Warum sind die Länder in Sachen Musik offenbar auf beiden Ohren taub?

Zum einen sei beispielsweise nicht gewährleistet, dass es bei der Umstellung auf G9 eine Chancengleichheit für Musik bei den Kurs- und Prüfungsfachwahlen gebe. Zum anderen würde in den Grundschulen, wenn es überhaupt Musikunterricht gebe, fachfremd unterrichtet. Fehlende Räume, wie in dem Fall des Schulorchesters, sind ebenfalls aus Sicht des Deutschen Musikinformationszentrums (MIZ) das geringere Problem. Auch diese Institution sieht den Ursprung vor allem in der geringen Anzahl von Musiklehrern. So geht aus einem Bericht der Einrichtung, die sich mit dem Musikleben in Deutschland befasst, hervor, „dass lediglich 20 bis 30 Prozent des erteilten Musikunterrichts an Grundschulen von fachspezifisch ausgebildeten Musiklehrerinnen und -lehrern unterrichtet sowie etwa 70 bis 80 Prozent des Unterrichts fachfremd oder gar nicht erteilt werden." Und Niedersachsen steht damit nicht allein da. Eine statistische Erhebung des Thüringer Bildungsministeriums aus dem Jahr 2016 hat ergeben, dass im Untersuchungszeitraum Anfang September 2016 an 65 von insgesamt 187 Thüringer Regelschulen kein vollumfänglich nach dem Stundenplan vorgesehener Musikunterricht stattfand.

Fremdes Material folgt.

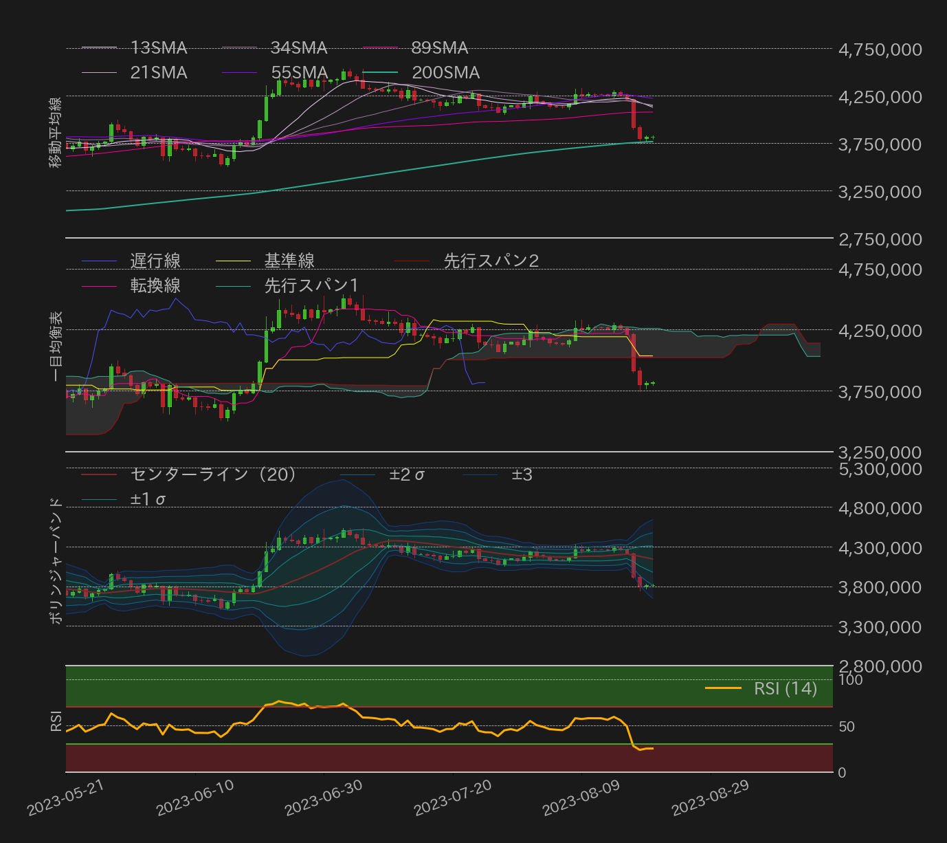14日〜20日のビットコイン(BTC)対円相場の週足終値は、前週比439,519円(10.33%)安の3,816,095円と大幅安を記録した。

Warum sind Entscheidungsträger in Sachen Musik offenbar auf beiden Ohren taub? Ist nicht gerade Musik diese eine universale Sprache, die jeder versteht und die damit sogar perfekte Grundlage für alle anderen Fächer sein könnte?

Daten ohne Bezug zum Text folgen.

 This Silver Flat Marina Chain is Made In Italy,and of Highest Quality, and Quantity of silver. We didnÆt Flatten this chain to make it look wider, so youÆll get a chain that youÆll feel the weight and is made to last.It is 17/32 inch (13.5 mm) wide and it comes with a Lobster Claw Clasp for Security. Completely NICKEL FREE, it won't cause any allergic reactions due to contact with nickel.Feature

Leuchtturm-Projekte, wie etwa die Aktion „Klasse! Wir singen“, bei der jährlich bis zu 145.000 Schüler landesweit gemeinsam an einem Tag in großen Arenen singen, stechen heraus und zeigen einmal mehr, welch große Wirkung Musik auf die Jüngsten in unserer Gesellschaft haben kann. Aber die Frage, warum sich seither dennoch wenig an den Schulen bewegt hat, bleibt. Es ist an der Zeit, dass sich die vielen Organisationen für die Musik zusammentun! Damit sie unüberhörbar werden für jeden, der noch nicht begriffen hat, dass Musik aus der „Special-Interest“-Schublade geholt werden muss.

„Musik gehört einfach zur genetischen Ausstattung des Menschen dazu.“

Prof. Dr. Eckart Altenmüller

Oder, um es mit den Worten Prof. Dr. Eckart Altenmüllers auszudrücken: „Musik gehört einfach zur genetischen Ausstattung des Menschen dazu. Musik ist ein Teil von uns selbst, ein Teil unserer genetischen Information. Musik ist in der DNA von uns kodiert.“
Doch die Möglichkeit, dieses natürliche Verhältnis dazu bei Kindern auch weiterhin zu fördern und ein solch unterschiedliches Publikum zu erreichen, gibt es nur in der Schule. Es ist eine einmalige Gelegenheit! Denn im Klassenzimmer sitzen alle Kinder: Die, die vielleicht nachmittags auch noch Klavier in der Musikschule lernen, aber auch die, deren Eltern mit Musik schlicht nichts am Hut haben.